Work to be completed | Please output only the lines that begin at the line with "ميزة المنتج: إنه" and run through the end of the entries below, exactly as written. Drop all pictures.

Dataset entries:
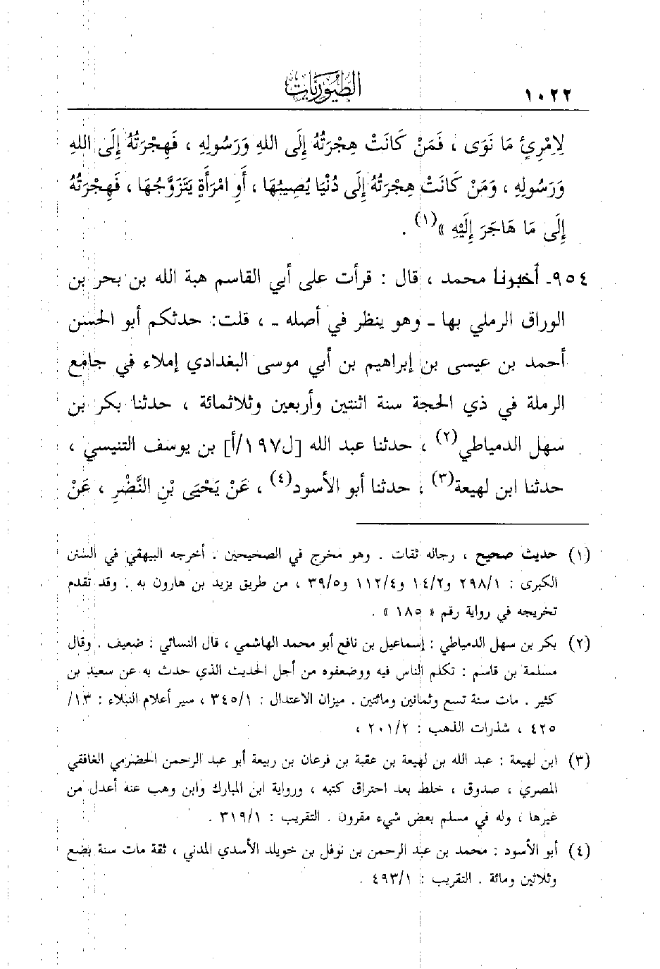 954 - أَخْبَرَنَا مُحَمَّدٌ، قَالَ: قَرَأْتُ عَلَى أَبِي الْقَاسِمِ هِبَةِ اللَّهِ بْنِ بَحْرِ بْنِ الْوَرَّاقِ الرَّمْلِيِّ بِهَا ـ وَهُوَ يَنْظُرُ فِي أَصْلِهِ ـ، قُلْتُ: حَدَّثَكُمْ أَبُو الْحَسَنِ أَحْمَدُ بْنُ عِيسَى بْنِ إِبْرَاهِيمَ بْنِ أَبِي مُوسَى الْبَغْدَادِيُّ إِمْلاءً فِي جَامِعِ الرَّمْلَةِ فِي ذِي الْحِجَّةِ سَنَةَ اثنتين وأربعين وثلاثمائة، حَدَّثَنَا بَكْرُ بْنُ سَهْلٍ الدِّمْيَاطِيُّ (¬2)
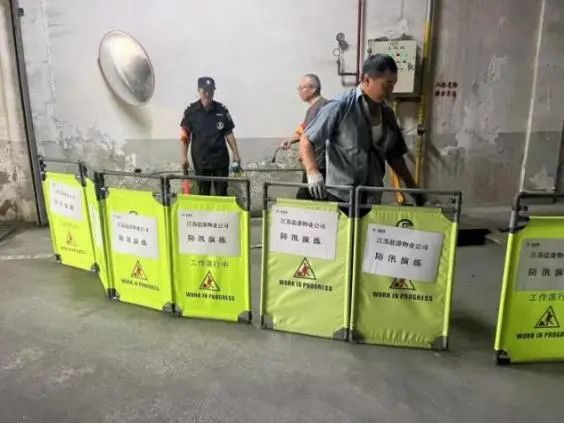 隨著防汛警報響起,物業應急小組迅速集結,攜帶防汛沙袋、防洪插板、抽水泵等物資設備趕赴西大門。各小組按照預案分工展開作業:搶險救援組兵分兩路,第一分隊使用專業工具快速搬運并組裝鋁合金防洪插板,在車庫入口處構筑起臨時擋水墻;第二分隊緊隨其后,用沙袋在插板后方疊筑“品”字形防洪墻,每層沙袋間用防水布加固,確保無滲漏縫隙。設備保障組同步啟動移動式抽水泵,對積水區域實施強排作業,同時安排技術人員對故障排水系統進行緊急搶修。全程通過智能廣播系統循環播放疏散提示,引導周邊居民有序撤離至臨時安置點。
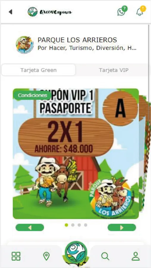 GreenCupones distribuye una tarjeta green, que permite a sus clientes acceder a los cupones promocionados en la app, esta app es informativa, tiene como fin enseñarle a nuestros clientes a que promociones pueden acceder si adquieren la tarjeta green.
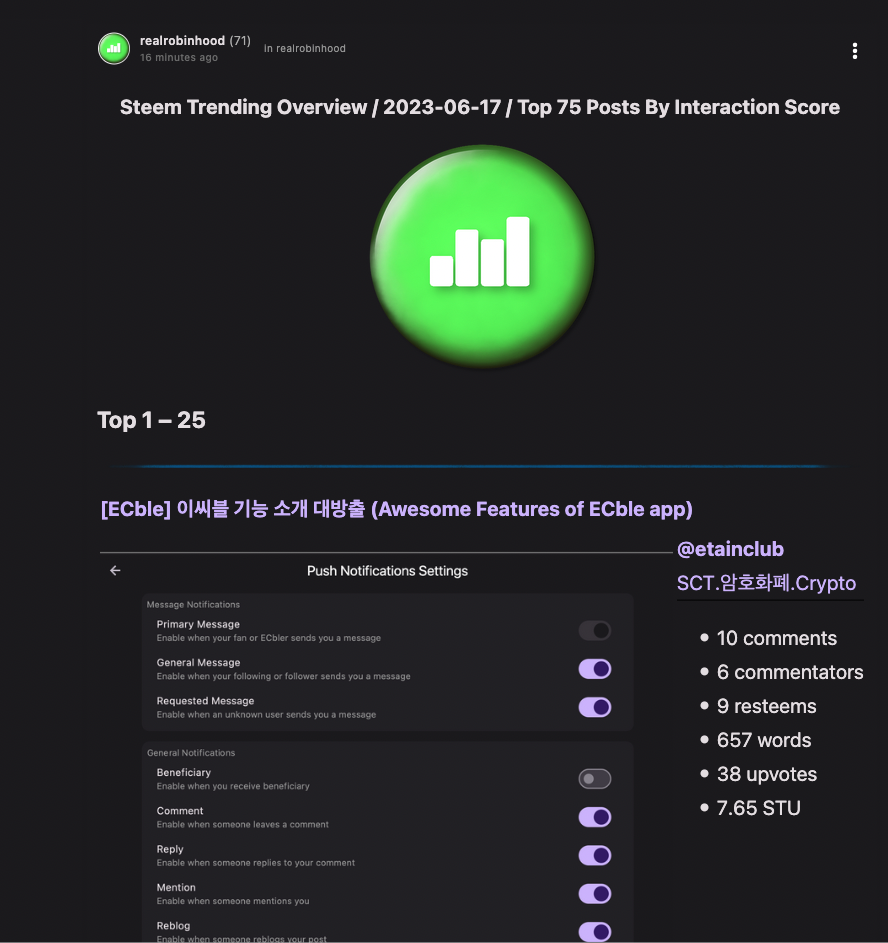 링크: Steem Trending Overview / 2023-06-17 / Top 75 Posts By Interaction Score
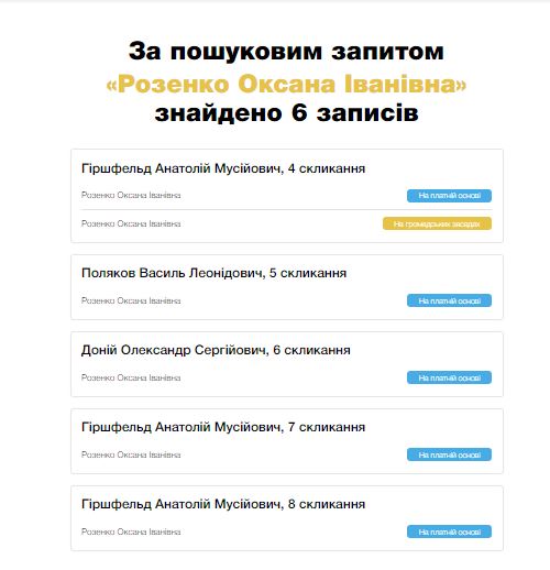Оксана Розенко продолжает работать в Верховной Раде. Она - помощница депутата Анатолия Гиршфельда ("Воля народа") и уже сотрудничает с ним третий созыв. Также Оксана на платной основе работала помощником у нардепов Василия Полякова и Александра Дония.
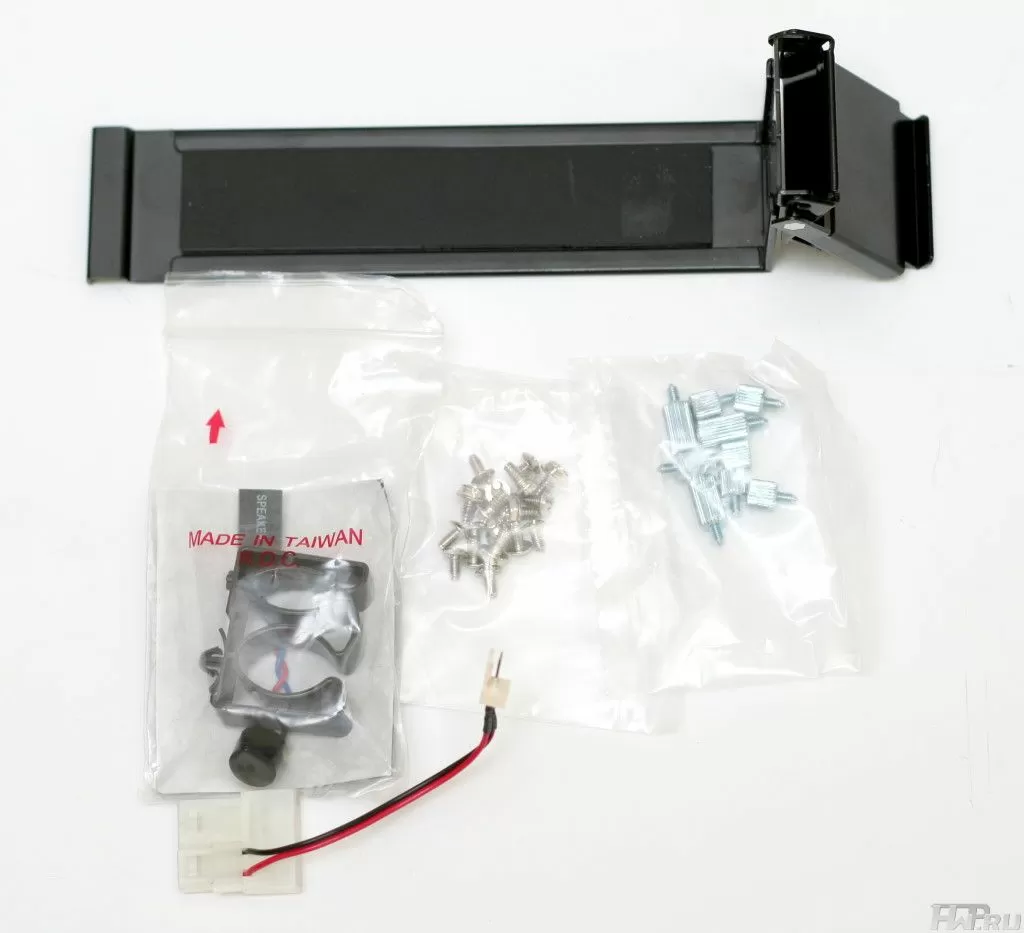 Набор аксессуаров, найденный внутри, оказался более чем скромным. Внимание привлекает лишь дополнительный крепеж блока питания, которым вы можете воспользоваться в случае необходимости. Маленький набор винтов говорит нам о том, что PC-K62 поддерживает сборку без применения отвертки, что мы относим только к плюсам.
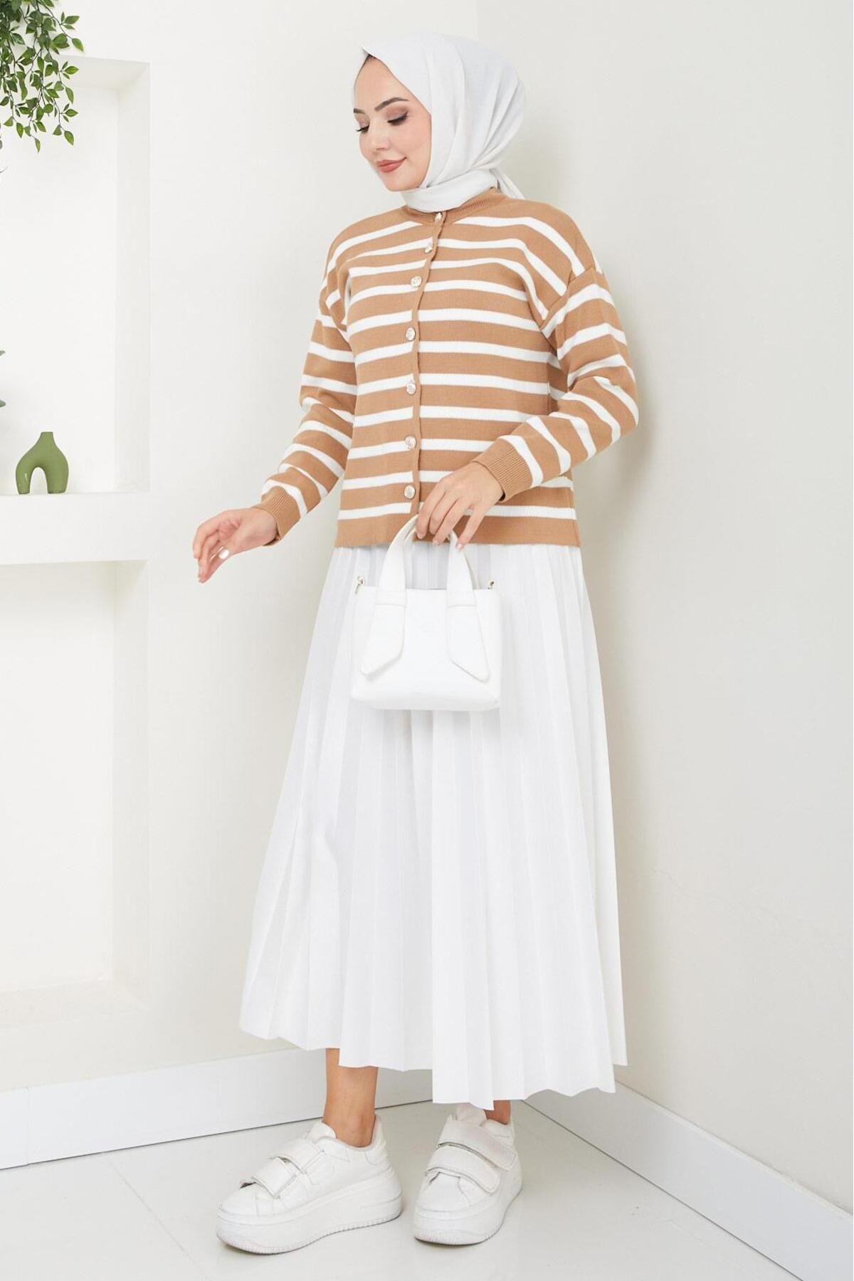 ميزة المنتج: إنه موديل سترة قصيرة متماسكة بأزرار وخطوط لموسم الخريف والشتاء. مناسب للمقاس 36-42. قد يكون هناك اختلاف في لون المنتج بسبب اللقطات المفاهيمية.
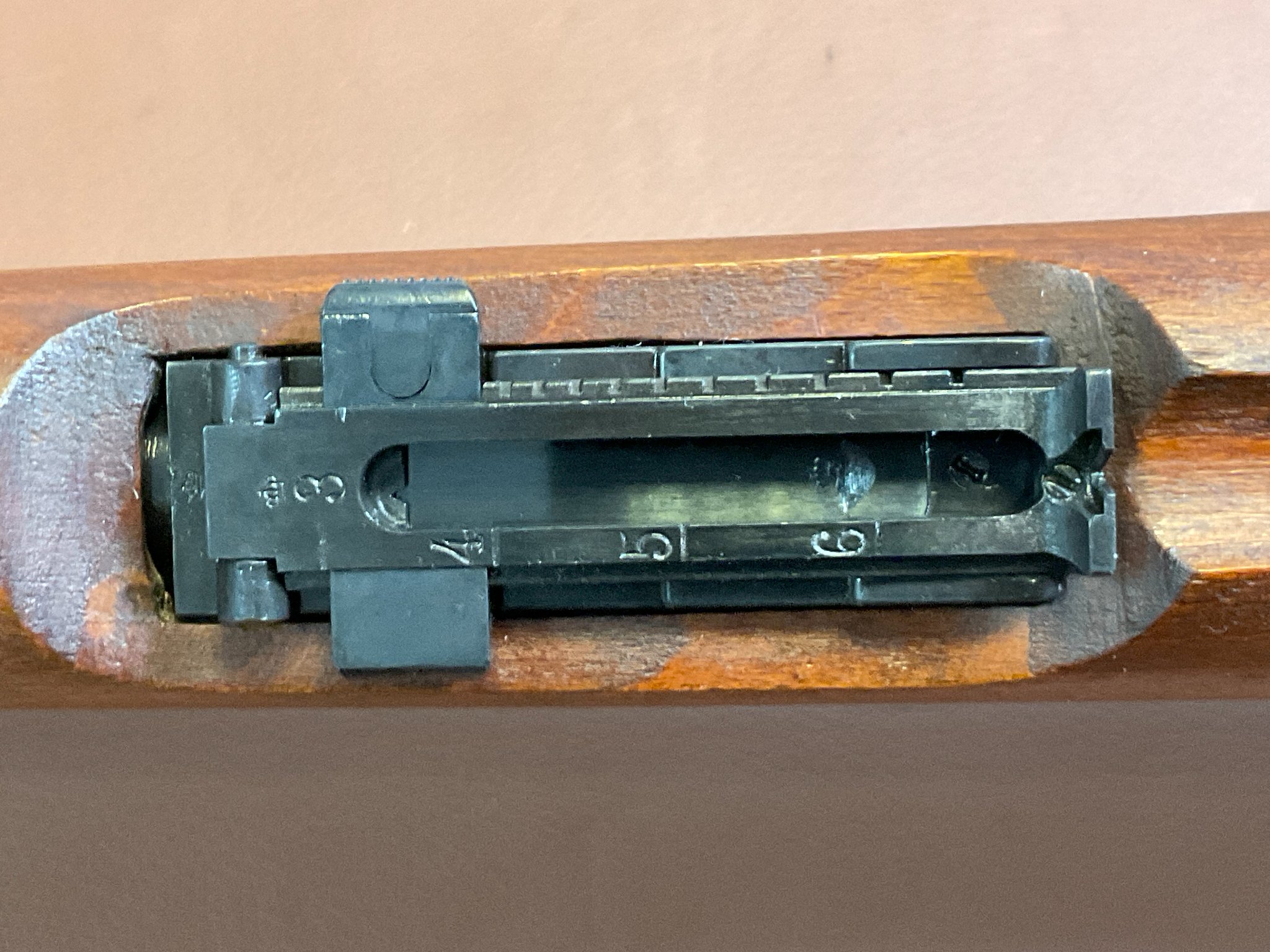 Die Waffe ist nummerngleich und mit der Standardvisierung (Schiebvisier) ausgestattet. Zusätzlich verfügt sie über ein erhöhtes Sportkorn.

Solution |
 ميزة المنتج: إنه موديل سترة قصيرة متماسكة بأزرار وخطوط لموسم الخريف والشتاء. مناسب للمقاس 36-42. قد يكون هناك اختلاف في لون المنتج بسبب اللقطات المفاهيمية.
 Die Waffe ist nummerngleich und mit der Standardvisierung (Schiebvisier) ausgestattet. Zusätzlich verfügt sie über ein erhöhtes Sportkorn.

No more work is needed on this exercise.